2-buck Civic plays nice with Salonen
I was most interested to see the Scriabin live--ecstasy is a guilty pleasure--but was pleasantly surprised by the pair of Sibelius works that opened the concert: the first and last of the four tone poems from the Lemminkäinen Suite. Each piece unfurled like a tapestry of forgotten lore, telling the story of the heroic Lemminkäinen as he seduces women in the first and returns from epic battle in the last. Salonen opened the first poem with a graceful ictus ballet, drawing invisible arabesques in the air; nevertheless, aside from a timid opening note in the horns, the orchestra entered confidently and played perfectly together. The first piece, Lemmy and the maidens, gave the upper strings a chance to sing, which they did with such lyricism I could almost hear words. And I can never hear the words--even when people are singing.
The Poem of Ecstasy gave Salonen even more opportunity for rubato, acting as a metaphor of the eternal push and pull of the universe as it breaths in divine unison with the creator-god: played, in this case, by Scriabin himself. His narcissism can be seen both in the music and in its accompanying poem of the same name, in which Scriabin tries to depict the supernatural joy he feels in the act of (pro)creation, the act of making love to existence itself.

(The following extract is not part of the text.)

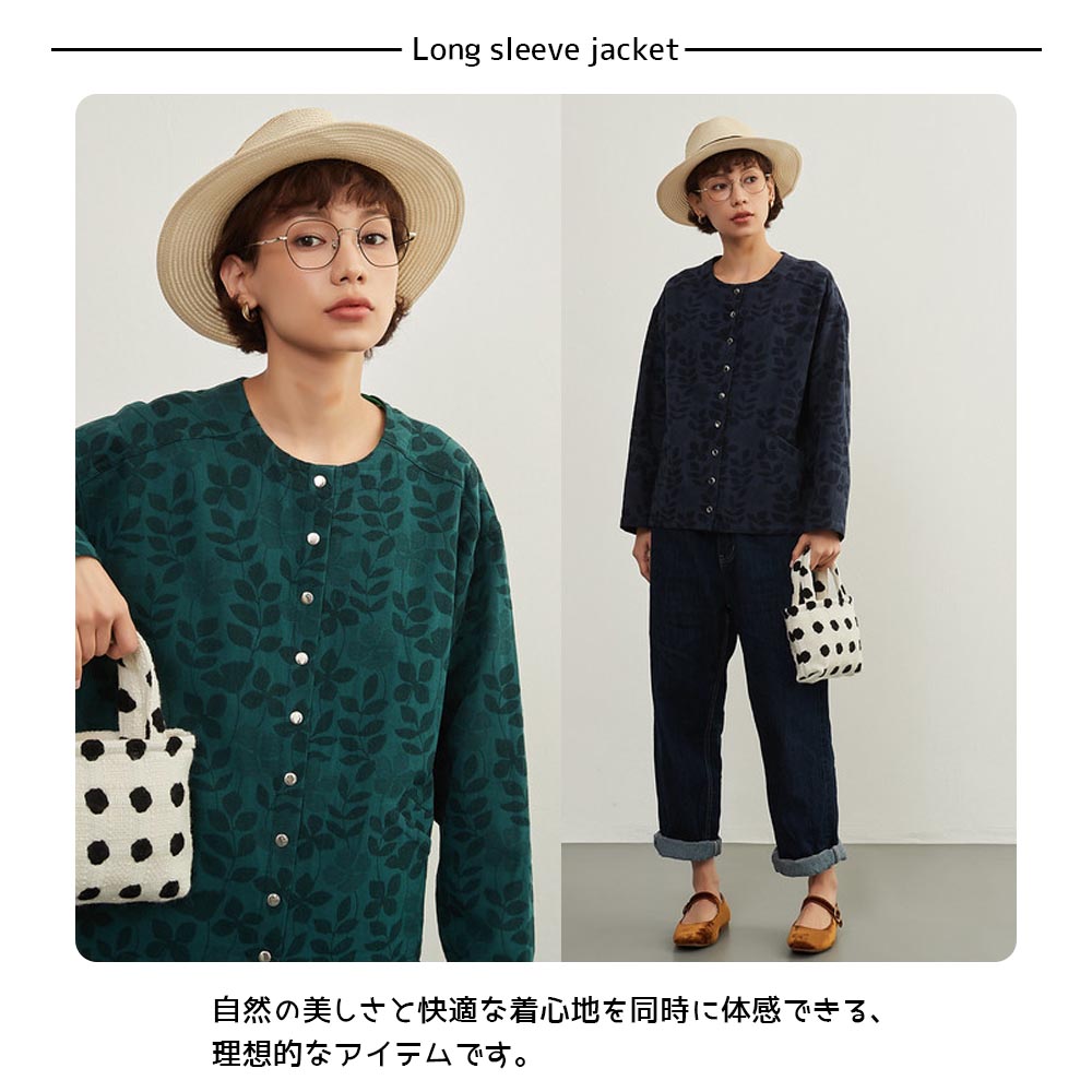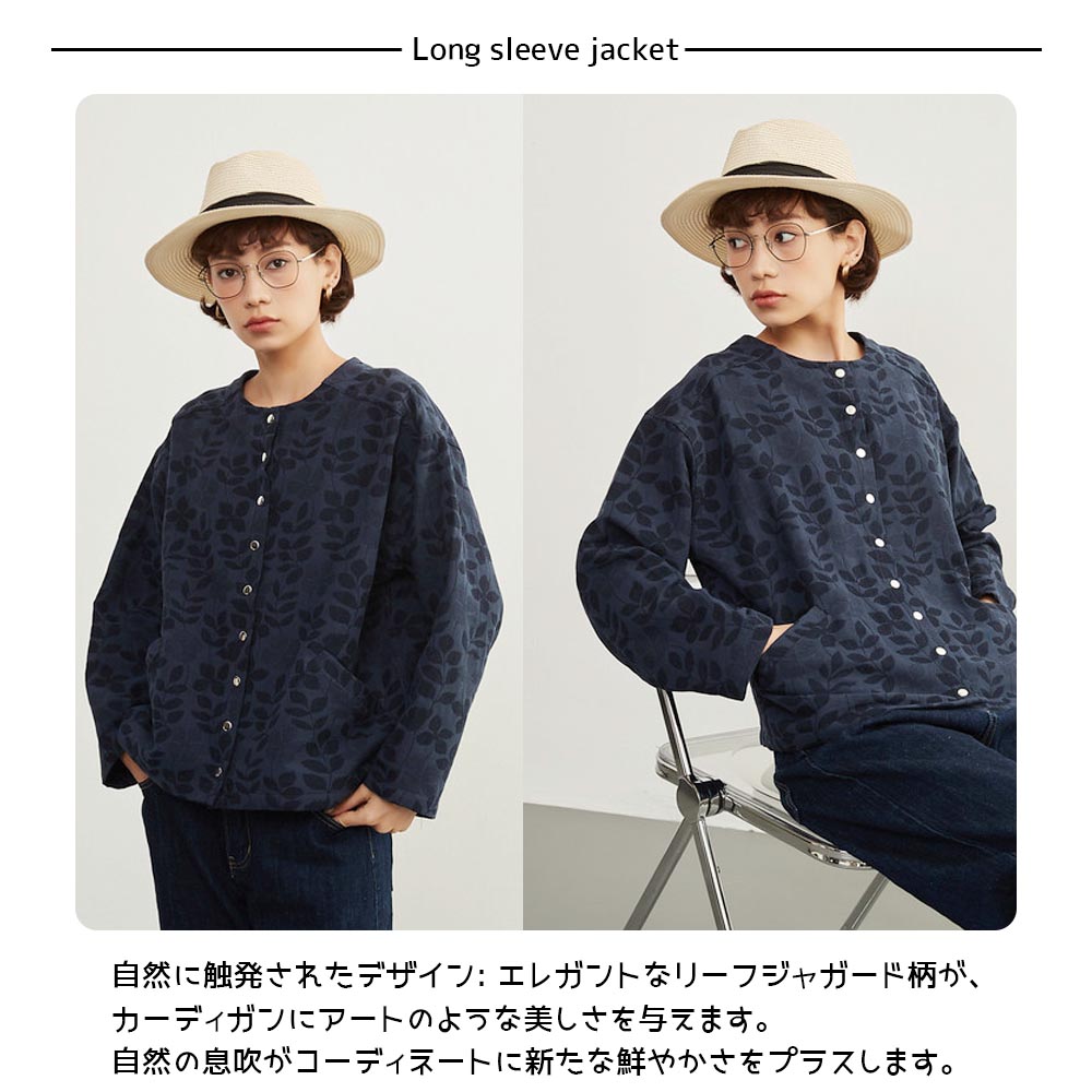 【特徴】 自然に触発されたデザイン: エレガントなリーフジャガード柄が、カーディガンにアートのような美しさを与えます。自然の息吹がコーディネートに新たな鮮やかさをプラスします。
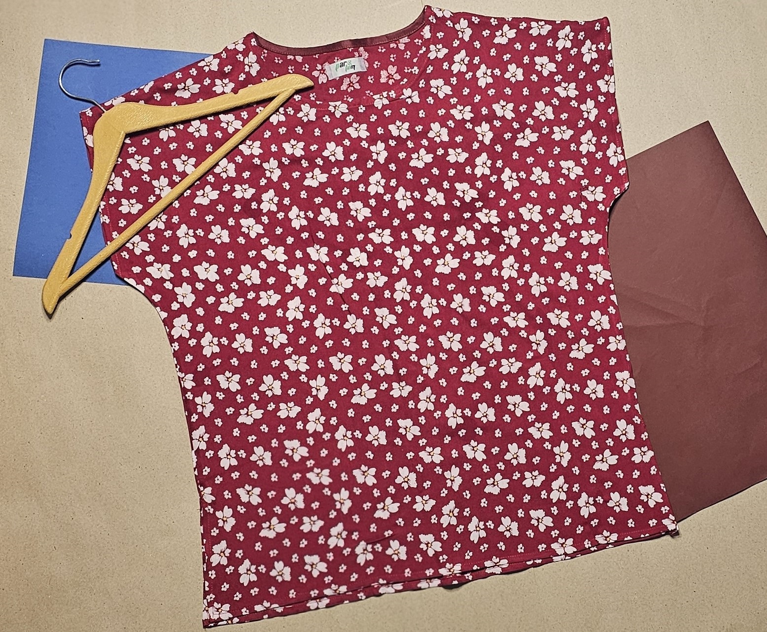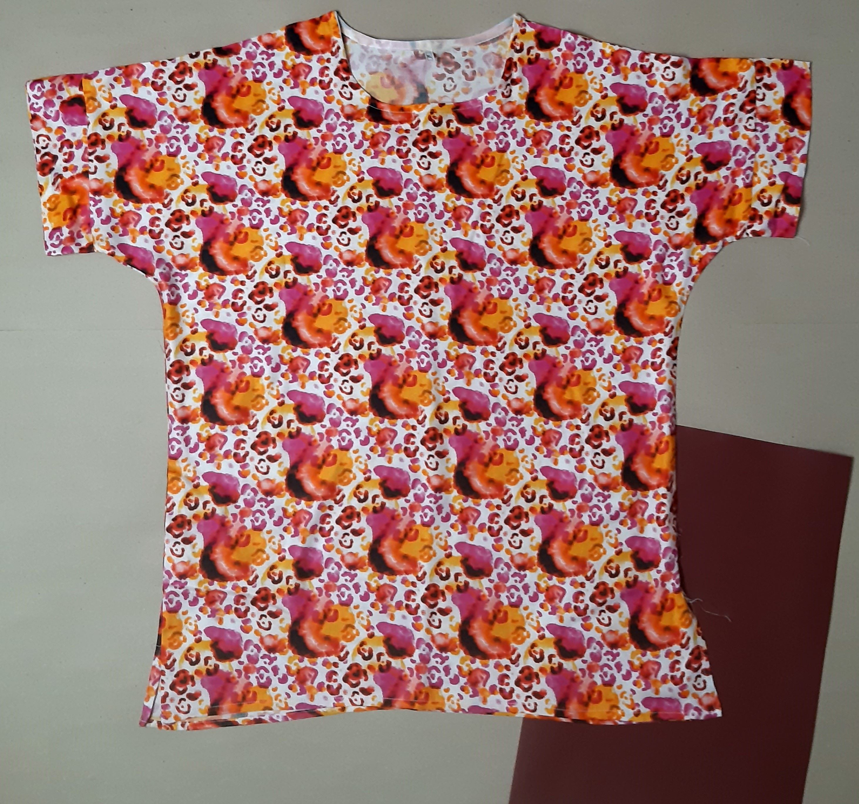 تیشرت زنانه مدل پانچ طرح گل ریز زرشکی

The score calls for 8 horns. Yes, 8. And on stage Monday night, there were 9. Pretty sure; I counted 3 times. And that's in addition to the 5 trumpets, 3 trombones, and a tuba. There were two harps, 8 double reeds, 8 flutes/clarinets, and your usual late-Romantic assortment of percussion, including a church bell. The sheer volume of the orchestra would be enough to assuage the deepest existential angst. While it worked wonders on my angst, it fell short of inducing orgiastic bliss. I couldn't tell if Scriabin or Salonen was primarily to blame, but each build to climax came up just short and then lost momentum in a anti-climactic pause. The orchestra, on the whole, especially the strings and trumpets, continued to sound great.

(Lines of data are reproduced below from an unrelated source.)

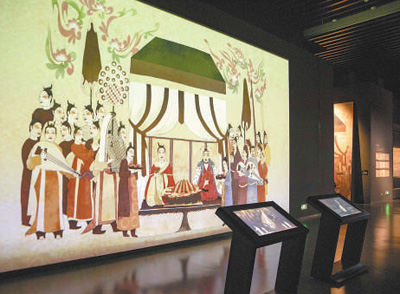 徐顯秀墓北壁壁畫《宴飲圖》互動(dòng)投影墻。人民網(wǎng)記者 王 帆攝
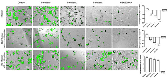 Based on the previous data, it is important to exclude that in the wells treated with Solution 2, Solution 3, and HEXEDRA+, the infection did not occur due to UA-mediated virus death (excluding direct viral biological function). The supernatants were used as they were (without centrifugation) to infect new Vero E6 cells, i.e., virgin cells lacking any previous stimulation (UA or infection). As reported in Figure 3, the infection picture changes and begins to outline the operational profile of UA. Indeed, the control is found to be infected, as in the previous condition, and the supernatant without centrifugation is able to infect the virgin Vero E6 indicating that a good deal of viral load remains in the supernatant to re-infect other cells. The supernatant of the infection in the presence of Solution 1 demonstrated that it has some viral load able to induce the infection (about 4.5% compared to control of re-infected cells, p < 0.05) with a great rate (about 22%) compared to the first infection (p < 0.05). On the contrary, for the stimulations with Solution 2, Solution 3, and HEXEDRA+, the supernatants collected after infection do not seem to be able to infect virgin cells. It is impossible to discern whether this is a biological effect of UA against the virus or whether the crosslinker of UA mixed with HPMC retains the virus for a long time. These data were confirmed by the GFP quantification of virgin Vero E6 cells that were not infected in all cases compared to the control (p < 0.05).
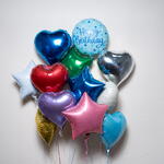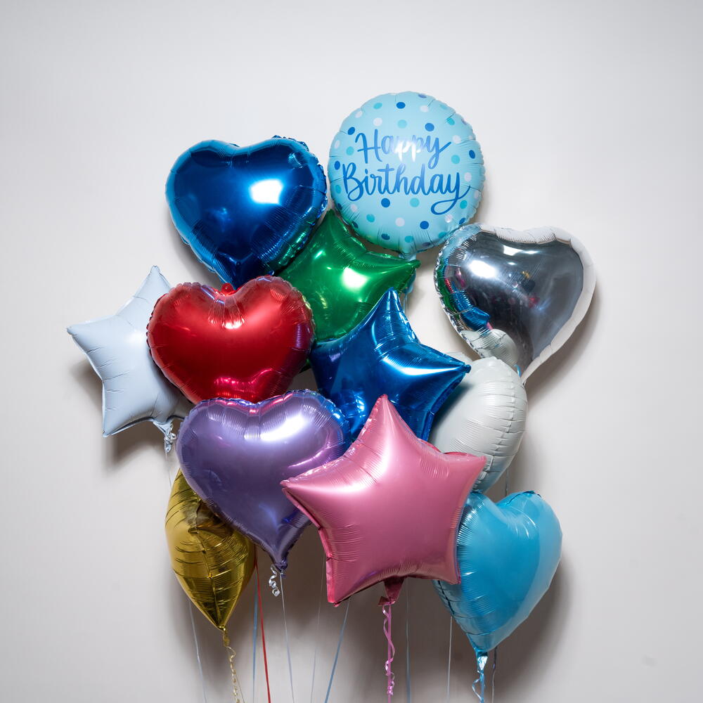 Яркий букет, наполненный гелием, включает 1 шар «С Днём Рождения», 6 шаров в форме звезды и 6 шаров в форме сердца различных цветов. Идеально подходит для дней рождения и праздников, этот эффектный набор поставляется надутым гелием, с лентами и грузиком у основания. ⏱️ Время полёта на гелии: примерно 8–10 часов.

In comparison to the dozens or hundreds of dollars that the CSO costs, the 2-dollar handling fee seems ludicrously paltry. My newly initiated friends asked me what could possibly be that much better about the "real cso", one of the big 3 orchestras in America. Certainly, the CSO is more polished, even more in tune, and more precise, though it's probably not obvious to the casual concert-goer--nor even noticeable. The strings were in tune throughout the whole concert, but there's a brilliance that the CSO can achieve when they play even more perfectly in tune and the frequencies multiply. And the brass was good, but it's no CSO brass. It's a totally unfair comparison, but through such comparisons we appreciate the incredibly high level achieved by the CSO, giving the audience insight into what it takes to be a musician, and giving the musicians models to which to aspire.

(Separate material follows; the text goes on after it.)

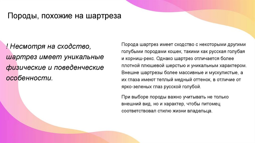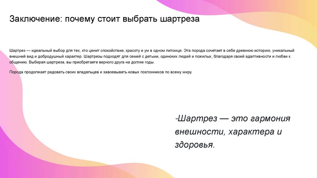 Заключение: почему стоит выбрать шартрезаШартрез — идеальный выбор для тех, кто ценит спокойствие, красоту и ум в одном питомце. Эта порода сочетает в себе древнюю историю, уникальный

For the level, for the cost, the concert was a resounding success. There is no other way, that I know of, to see such quality orchestral music, played by serious up-and-coming musicians, for such little money. This means you have to expect a lot of first-timers; cell phones went off behind me (the same one twice, and I swear he was about to answer it), and Esa-Pekka had to shush eager clappers between the 2 Sibelius pieces. So if you're not a regular, you'll be in good company. The audience was also much more excited and vocal with their approval--very supportive. So, I am going to strongly suggest that my friends--and especially my piano students--attend the next concert on April 11. The friends I took on Monday keep telling me how much they enjoyed it. Seriously, guys, I get it.